A faithful copy is required of the lines from the top of the entries through the line that contains "工會成員,如照片中這些波蘭工", both included, with no pictures.

Given data START

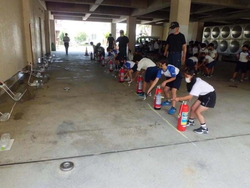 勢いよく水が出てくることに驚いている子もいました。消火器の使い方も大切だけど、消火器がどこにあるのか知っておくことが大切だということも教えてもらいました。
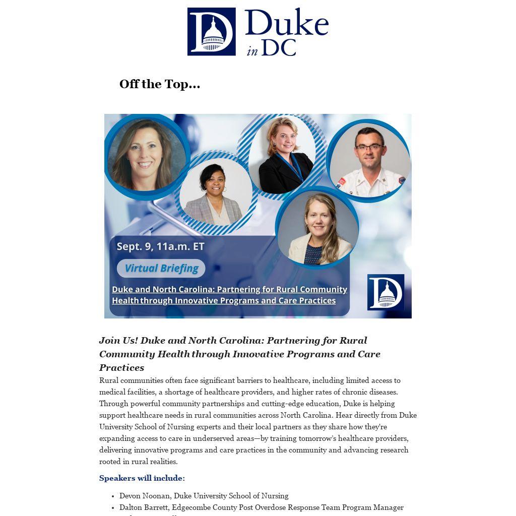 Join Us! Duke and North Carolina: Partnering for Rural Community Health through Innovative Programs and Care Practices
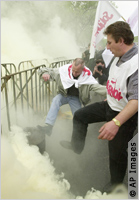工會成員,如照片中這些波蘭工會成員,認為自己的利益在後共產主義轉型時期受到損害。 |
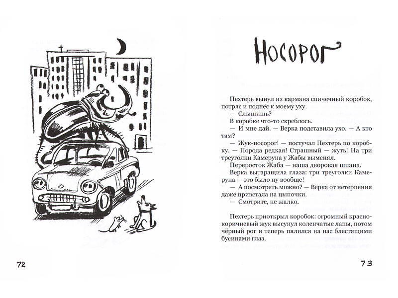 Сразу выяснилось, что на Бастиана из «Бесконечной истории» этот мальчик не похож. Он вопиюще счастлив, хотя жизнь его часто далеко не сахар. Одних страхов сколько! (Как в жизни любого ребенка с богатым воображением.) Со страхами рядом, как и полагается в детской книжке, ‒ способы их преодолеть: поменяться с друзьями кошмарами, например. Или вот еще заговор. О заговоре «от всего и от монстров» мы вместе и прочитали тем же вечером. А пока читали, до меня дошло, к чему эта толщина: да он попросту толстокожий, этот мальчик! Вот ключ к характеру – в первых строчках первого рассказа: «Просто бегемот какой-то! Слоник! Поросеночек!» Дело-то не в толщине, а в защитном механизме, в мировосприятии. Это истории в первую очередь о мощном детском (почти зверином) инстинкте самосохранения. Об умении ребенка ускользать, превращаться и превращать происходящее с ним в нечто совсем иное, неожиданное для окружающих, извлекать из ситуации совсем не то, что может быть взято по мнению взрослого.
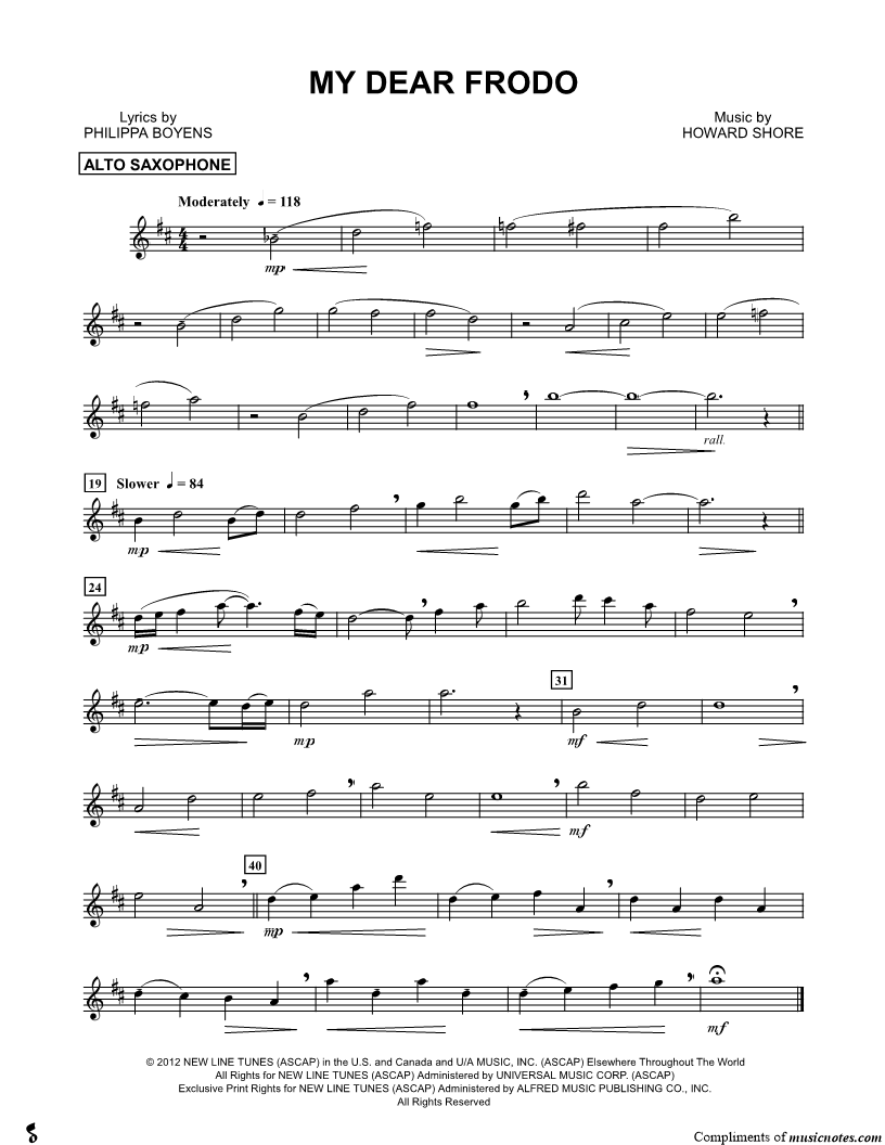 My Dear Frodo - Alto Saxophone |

Given data END

Your solution:
 勢いよく水が出てくることに驚いている子もいました。消火器の使い方も大切だけど、消火器がどこにあるのか知っておくことが大切だということも教えてもらいました。
 Join Us! Duke and North Carolina: Partnering for Rural Community Health through Innovative Programs and Care Practices
工會成員,如照片中這些波蘭工會成員,認為自己的利益在後共產主義轉型時期受到損害。 |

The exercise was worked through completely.